Dans la famille Sylejmani, ils disent que leur maison n'est pas entourée par la police, EULEX

Selon des informations, la police du Kosovo et EULEX ont perquisitionné le domicile d'Agron Sylejman et ont été licenciés par sa famille. Dans une pronomation pour “Index”, le frère d'Agron, Driton Sylejani, a révélé des informations sur plusieurs portails sur le raid sur leur propriété. Il n'est pas vrai que la maison de [...] soit entourée
Selon des informations, la police du Kosovo et EULEX ont perquisitionné le domicile d'Agron Sylejman et ont été licenciés par sa famille.
Dans une pronomation pour “Index”, le frère d'Agron, Driton Sylejani, a révélé des informations sur plusieurs portails sur le raid sur leur propriété.
Ce n'est pas vrai que la maison d'Agron Sylejman soit entourée. Nous sommes à Payton, et il n'y a aucun contrôle. Je ne sais pas pourquoi ces écrits ont été faits. Je suis à la maison et personne n'est à la maison”, il a dit court.
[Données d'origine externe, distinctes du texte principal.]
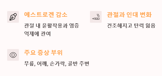 👉 호르몬 변화로 인한 관절 기능 저하는 검사에 잘 안 잡히는 경우도 있어요. 증상이 계속된다면 관절 전문 클리닉을 추천해요.

Sinon, Agron, qui est déjà mort, a été accusé d'avoir tué le militant LDK Imer Imer en novembre 1999.
Dans le cas contraire, il a été signalé qu ' au petit matin, des policiers d ' EULEX au Kosovo et des membres de l ' Unité spéciale de la police du Kosovo avaient encerclé la maison d ' Agron Sylejmani, soupçonné d ' avoir tué après la guerre, a diffusé le Periscope.
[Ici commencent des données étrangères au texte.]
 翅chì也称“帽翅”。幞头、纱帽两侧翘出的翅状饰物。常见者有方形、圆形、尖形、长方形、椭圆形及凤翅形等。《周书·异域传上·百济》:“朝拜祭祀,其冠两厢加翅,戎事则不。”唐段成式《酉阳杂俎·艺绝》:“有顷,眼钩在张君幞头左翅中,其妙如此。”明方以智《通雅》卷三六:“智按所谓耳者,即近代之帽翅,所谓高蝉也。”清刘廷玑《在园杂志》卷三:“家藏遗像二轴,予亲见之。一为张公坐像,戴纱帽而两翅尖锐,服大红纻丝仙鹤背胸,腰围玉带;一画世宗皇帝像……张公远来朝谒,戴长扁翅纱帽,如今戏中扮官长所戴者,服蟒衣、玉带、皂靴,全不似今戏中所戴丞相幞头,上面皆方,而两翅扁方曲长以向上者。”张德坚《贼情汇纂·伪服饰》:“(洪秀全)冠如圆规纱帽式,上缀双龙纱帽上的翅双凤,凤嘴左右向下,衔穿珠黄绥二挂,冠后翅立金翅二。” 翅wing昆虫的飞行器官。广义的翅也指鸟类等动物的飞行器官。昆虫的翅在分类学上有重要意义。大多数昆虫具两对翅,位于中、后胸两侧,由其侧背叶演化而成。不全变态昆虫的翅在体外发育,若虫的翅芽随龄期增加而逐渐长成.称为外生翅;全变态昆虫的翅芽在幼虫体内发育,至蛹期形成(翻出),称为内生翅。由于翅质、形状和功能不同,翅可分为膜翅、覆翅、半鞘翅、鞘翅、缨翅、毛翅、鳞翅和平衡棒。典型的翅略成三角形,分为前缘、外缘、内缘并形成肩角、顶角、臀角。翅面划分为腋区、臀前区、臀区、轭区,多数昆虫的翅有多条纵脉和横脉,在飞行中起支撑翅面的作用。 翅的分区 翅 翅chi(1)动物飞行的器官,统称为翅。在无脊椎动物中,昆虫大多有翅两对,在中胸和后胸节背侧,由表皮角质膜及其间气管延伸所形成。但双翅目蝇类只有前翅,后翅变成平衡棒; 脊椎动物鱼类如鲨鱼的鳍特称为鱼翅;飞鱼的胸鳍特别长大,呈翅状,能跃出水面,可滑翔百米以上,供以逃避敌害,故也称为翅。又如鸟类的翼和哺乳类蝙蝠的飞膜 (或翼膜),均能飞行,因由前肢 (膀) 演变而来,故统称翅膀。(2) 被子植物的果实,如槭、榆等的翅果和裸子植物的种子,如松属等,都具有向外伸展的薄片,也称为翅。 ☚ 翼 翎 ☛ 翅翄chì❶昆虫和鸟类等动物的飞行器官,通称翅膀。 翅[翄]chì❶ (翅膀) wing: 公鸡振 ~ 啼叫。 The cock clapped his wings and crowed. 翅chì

Des sources périscop au sein de la police du Kosovo ont fait savoir que l'action avait été menée aujourd'hui, sans donner d'autres détails, car elles estiment que l'action est organisée sous les compétences de la mission EULEX.
Sur cette question, Periscopi a également contacté le Bureau des médias dans EULEX, mais n'a pas reçu de réponses officielles concernant l'action d'aujourd'hui.
Imer Imer avait déposé plusieurs accusations publiques selon lesquelles Agron Sylejmani, maintenant mort, est soupçonné d'avoir tué son frère, Hakki Imer.
Il avait dit que son frère avait été enlevé par trois policiers militaires de l'UCK.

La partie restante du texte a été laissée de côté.